— Не спорю, Кларион — город вполне приличный, — согласился Эймос. — Я не собирался его хаять.
Он заложил большие пальцы за пояс и откинул назад голову, давая понять, что разговор окончен. Я вспомнила, что Эймос — тот самый брат из семейства Эмори, который постоянно убегал. Может, эта привычка осталась у него до сих пор? Слабости в этой семье распределялись по одной на человека, их можно было подавить, но не истребить, они попросту переходили от одного к другому. Хотя бы к Джулиану. Джулиан коллекционировал слабости, как монеты или почтовые марки. Давняя слабость Сола к девушкам перешла теперь к Джулиану, так же как и подверженность Лайнуса нервным расстройствам. Все мы были очень привязаны к Джулиану, и это не удивительно. Мы любили его темные усталые глаза, измученное красивое лицо. И если бы он перенял привычку Эймоса убегать из дому, нам это не сулило бы ничего доброго.

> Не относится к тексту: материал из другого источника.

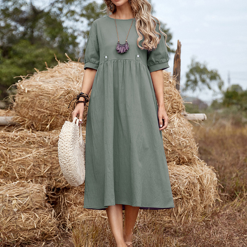 Women's Midi Dress Linen-Inspired Dresses Casual Dress Cotton Linen Dress Fashion Basic Outdoor Daily Holiday Regular Fit Plain Short Sleeve Crew Neck Light Green Army Green Purple Summer

— Ты все еще перебегаешь с места на место, Эймос? — спросила я. Вопрос, судя по всему, застиг его врасплох.
— Что? — спросил он. — Ну конечно, нет, с чего это ты вдруг заговорила об этом? Ничего подобного.
— Куда же делась эта привычка?
— Что?
Но прежде чем я успела объяснить, в дверях, по обыкновению пригнувшись, появился Сол.
— Эймос? — проговорил он, останавливаясь на пороге.
— Привет, Сол! — сказал Эймос, вставая.
— Долго мы тебя ждали. — Сол положил руку ему на плечо. Улыбаясь, я смотрела на них, а сама с удивлением думала: почему Эймос выглядит так молодо, ведь он же самый старший из братьев Эмори?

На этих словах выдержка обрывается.